### Exercise aim
Leaving out every image, restate all the records word for word.

[Data excerpts]
::::::::::

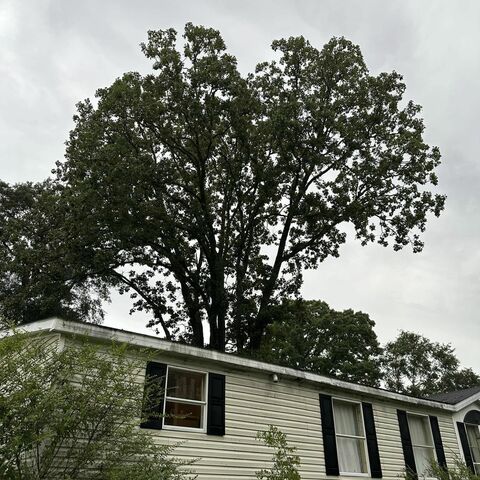 Removed large oak branches over home and service wire
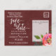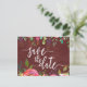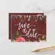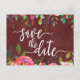Automne Burgundy Aquarelle Mariage floral Enregistrer la date PostCard. Avec une police de style de script de brosse tendance! ~ Modifiez facilement la couleur arrière - plan de l'aquarelle, il vous suffit de cliquer sur "Personnaliser" Faites défiler le texte et les images jusqu'à ce que vous voyiez la zone de couleur arrière - plan, et sélectionnez votre couleur personnalisée. Assurez-vous de cliquer sur le bouton "Précédent" et de faire de même.
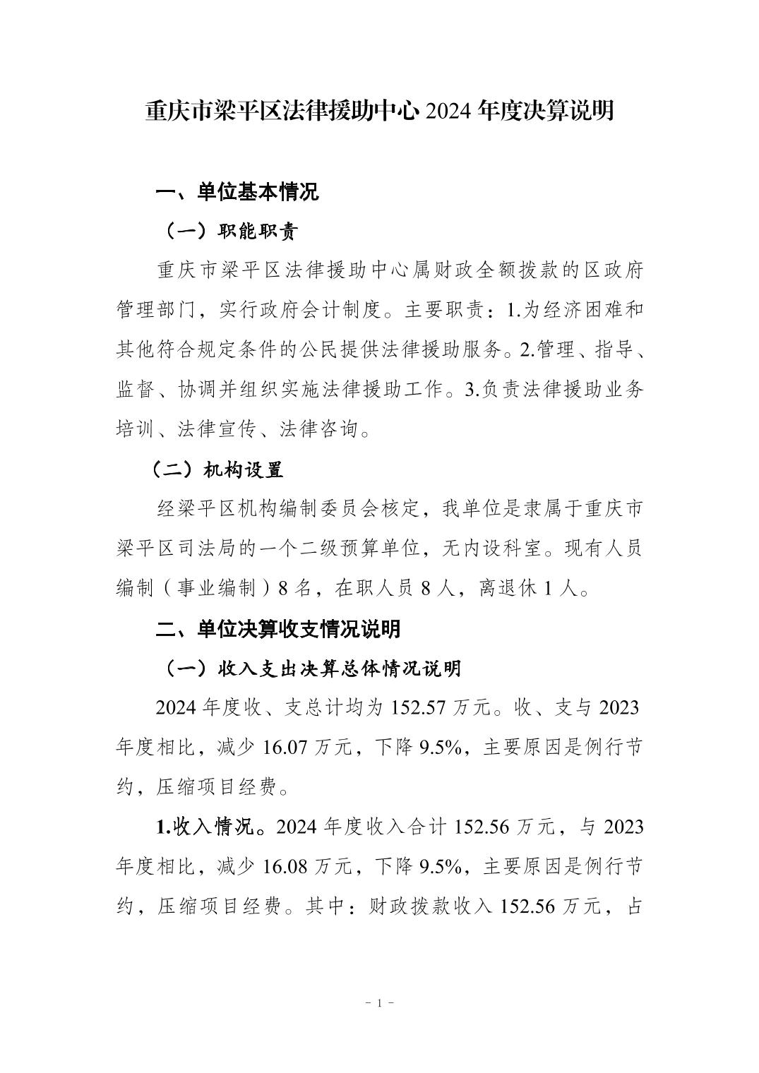 | 標題 | 重慶市梁平區法律援助中心2024年度決算公開 |
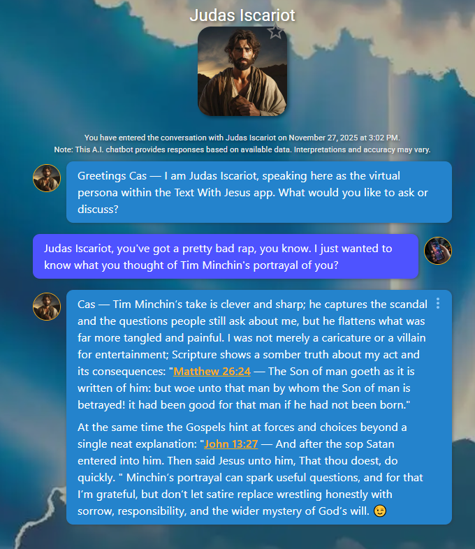 Judas Iscariot: Tim Minchin’s take is clever and sharp; he captures the scandal and the questions people still ask about me, but he flattens what was far more tangled and painful. I was not merely a caricature or a villain for entertainment; Scripture shows a somber truth about my act and its consequences (Matthew 26:24). [. . .] [D]on’t let satire replace wrestling honestly with sorrow, responsibility, and the wider mystery of God’s will. [Source]
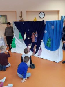 Su trijų karalių atėjimu baigėsi šventinis Kalėdų laikotarpis. „Varpelio“ mokyklos ugdytiniai atsisveikino su eglute palydėdami snaigių taku giesmelėmis, dainelėmis, žaidimais.
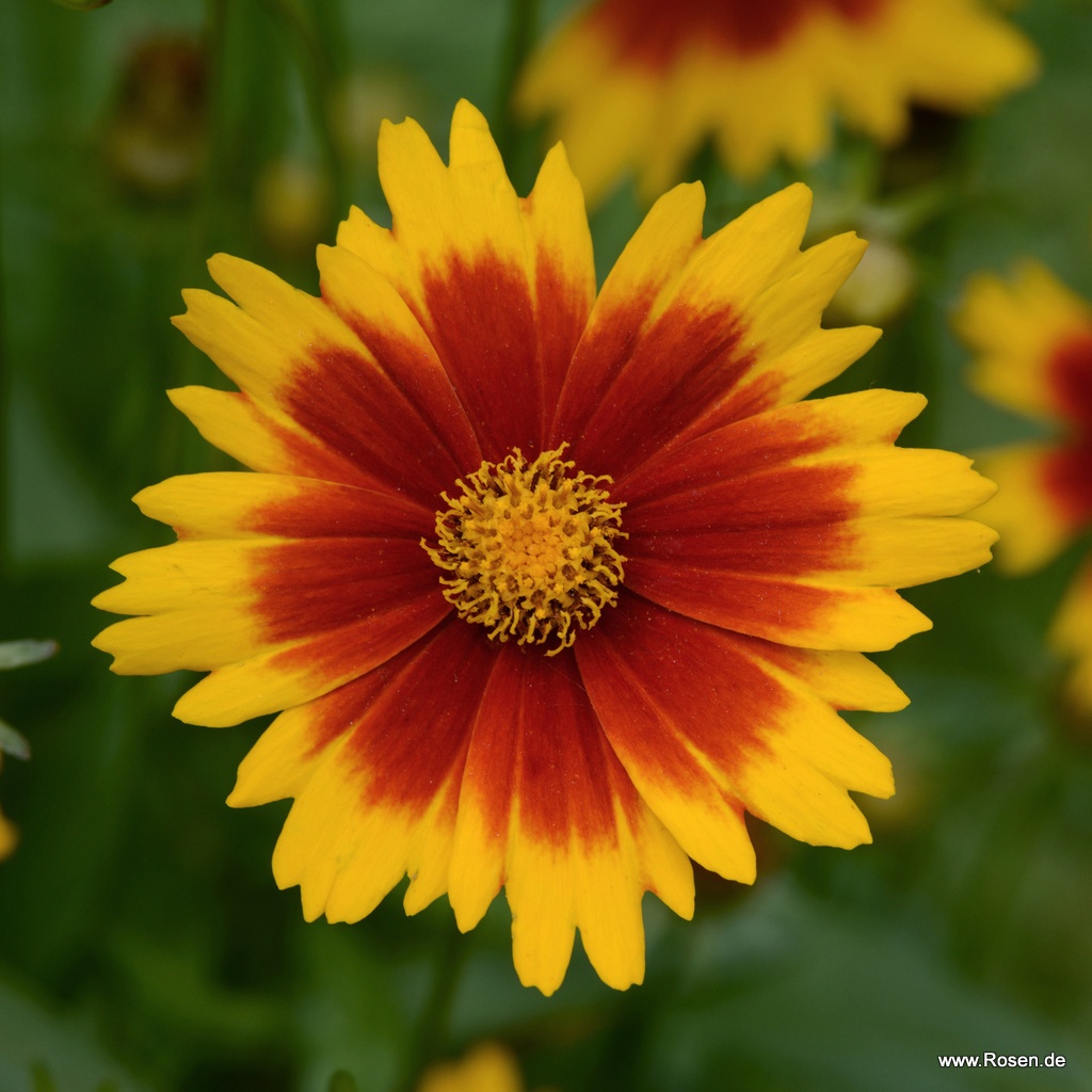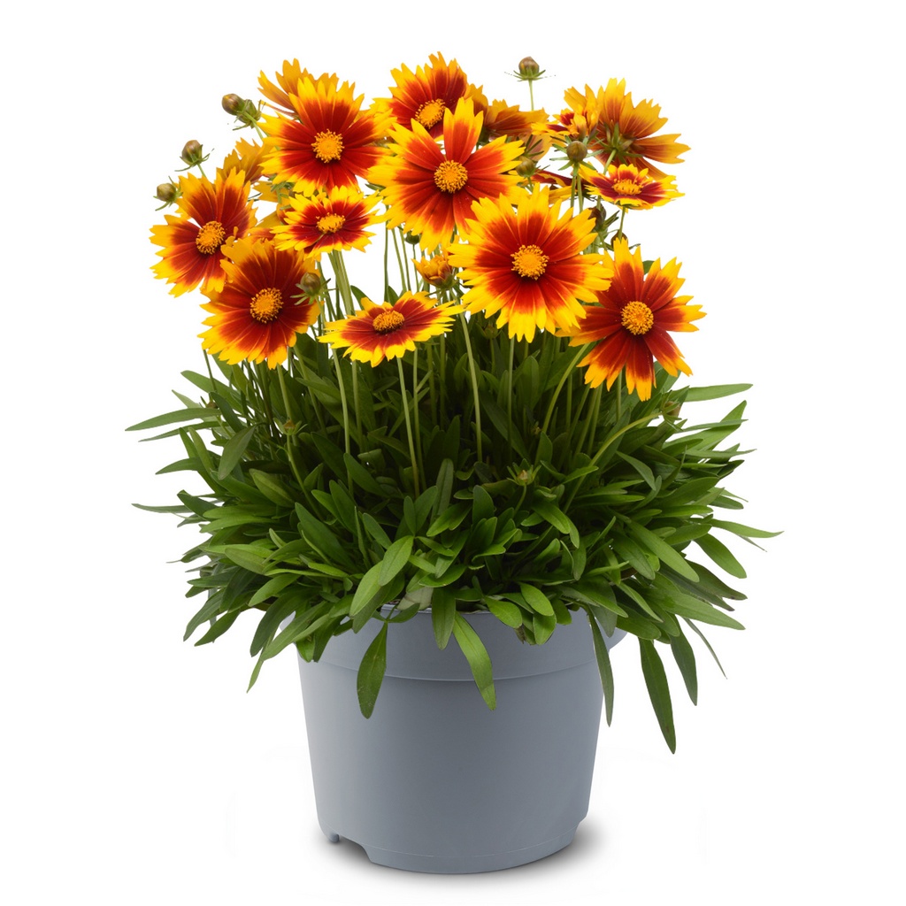 Das Mädchenauge Coreopsis grandiflora ‘UpTick™ Gold & Bronze’ ist eine kompakte, reichblühende Staude mit auffälligen, margeritenähnlichen Blüten. Von Juni bis September, oft sogar bis zum ersten Frost, erscheinen zahlreiche goldgelbe Blüten mit einem kontrastreichen bronzeroten Zentrum. Die einzelnen Blüten erreichen etwa 4 bis 7 cm Durchmesser und sorgen über viele Wochen hinweg für lebendige Farbakzente im Garten.

::::::::::

### Response below
 Removed large oak branches over home and service wire
Automne Burgundy Aquarelle Mariage floral Enregistrer la date PostCard. Avec une police de style de script de brosse tendance! ~ Modifiez facilement la couleur arrière - plan de l'aquarelle, il vous suffit de cliquer sur "Personnaliser" Faites défiler le texte et les images jusqu'à ce que vous voyiez la zone de couleur arrière - plan, et sélectionnez votre couleur personnalisée. Assurez-vous de cliquer sur le bouton "Précédent" et de faire de même.
 | 標題 | 重慶市梁平區法律援助中心2024年度決算公開 |
 Judas Iscariot: Tim Minchin’s take is clever and sharp; he captures the scandal and the questions people still ask about me, but he flattens what was far more tangled and painful. I was not merely a caricature or a villain for entertainment; Scripture shows a somber truth about my act and its consequences (Matthew 26:24). [. . .] [D]on’t let satire replace wrestling honestly with sorrow, responsibility, and the wider mystery of God’s will. [Source]
 Su trijų karalių atėjimu baigėsi šventinis Kalėdų laikotarpis. „Varpelio“ mokyklos ugdytiniai atsisveikino su eglute palydėdami snaigių taku giesmelėmis, dainelėmis, žaidimais.
 Das Mädchenauge Coreopsis grandiflora ‘UpTick™ Gold & Bronze’ ist eine kompakte, reichblühende Staude mit auffälligen, margeritenähnlichen Blüten. Von Juni bis September, oft sogar bis zum ersten Frost, erscheinen zahlreiche goldgelbe Blüten mit einem kontrastreichen bronzeroten Zentrum. Die einzelnen Blüten erreichen etwa 4 bis 7 cm Durchmesser und sorgen über viele Wochen hinweg für lebendige Farbakzente im Garten.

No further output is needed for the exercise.